There are several features of this extraordinary history which causes this court great concern. The conclusions reached by the European Court upon the internal workings of the Bulgarian criminal justice system, to which we have not referred in full in this judgment, are alarming. The prosecutor is himself a judicial authority. As the European Court noted, Prosecutor General Filchev was more senior in rank to some of those magistrates and judges serving on the Judicial Council whose responsibility it was to investigate his fitness for office. There is an abundance of evidence which casts doubt about the independence of the investigative and prosecuting process from the personal will of the Prosecutor General who undoubtedly had a personal interest in it. It is not necessary for this court to make any assessment of the credibility of the evidence. An undeniable conflict arose because the Prosecutor well knew of the allegation that he had been publicly implicated in the murder of one of the alleged (and now deceased) conspirators. The fact that the Georgieva investigation file commenced with a “top secret” restriction meant that the investigation itself was secret. By the time the file was declassified, many of the witnesses at whose interviews the defence would have been entitled to attend had already provided their evidence. One legal source in Bulgaria has stated that papers are missing from the original file, an eventuality which could not be explained by “mere recklessness”. There was an abundance of evidence which would have required any competent investigator to investigate a possible link between the killings of Mr Kolev and Ms Georgieva.

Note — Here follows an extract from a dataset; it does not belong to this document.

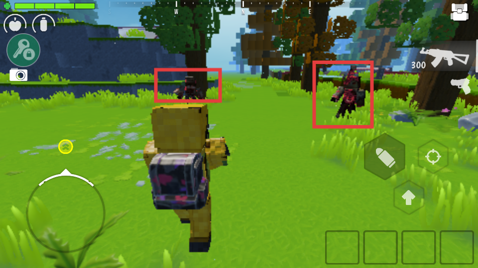 2、进入游戏场景后,遇到红框内的僵尸,准备好进行作战。

It is, to this court, no surprise that the Divisional Court in 2009 concluded that the prosecutor was acting in bad faith. None of the later events which we have described provides any reassurance either that the prosecution is being conducted in good faith or that a fair trial is now possible.

36.

We have noted, with concern, the conclusion of the European Court that the underlying problem appears to have been a system of immunity for prosecutors and the centralised power of the Prosecutor General which created an institutional reluctance to pursue any investigation in the direction of a prosecutor suspected of corruption or worse. It is an unfortunate feature of the political temperature generated in part by Prosecutor General Filchev that there has been a public display of enmity and recrimination between different factions of the political and judicial systems in Bulgaria which have done nothing to reassure this court that the failings in the original investigation have any prospect of remedy. We recognise the authority of the view of this court in Symeou that allegations of bad faith in the investigation of an offence and prosecution of a suspect are ordinarily matters for the court in the requesting stateabout which the requested court will make no examination. Confidence will be reposed in the independent judiciary of a party to the Framework Decision to make an Article 6 compliant inquiry into the matters raised. We fully expect that the facts of this case are wholly exceptional. A finding of bad faith has already been made by the Divisional Court for reasons which were fully expressed. We consider that the Sofia City Court owed to the United Kingdom a mutual obligation of respect. Had this court received any meaningful recognition by the issuing authority of the court’s concerns in 2009 it might have been in a position to repose some confidence in the good faith of the present request. The Sofia Court cannot have been under any misunderstanding as to this court’s concerns and the need to respond to them. We do not consider that this is a case in which the abuse argument strays outside its permissible ambit. We are not persuaded that the Senior District Judge had any better reason to accept the good faith of this prosecution than did the Divisional Court in 2009. We accept that this latest request was an abuse of the process of the court. For this reason we dismiss the appeal.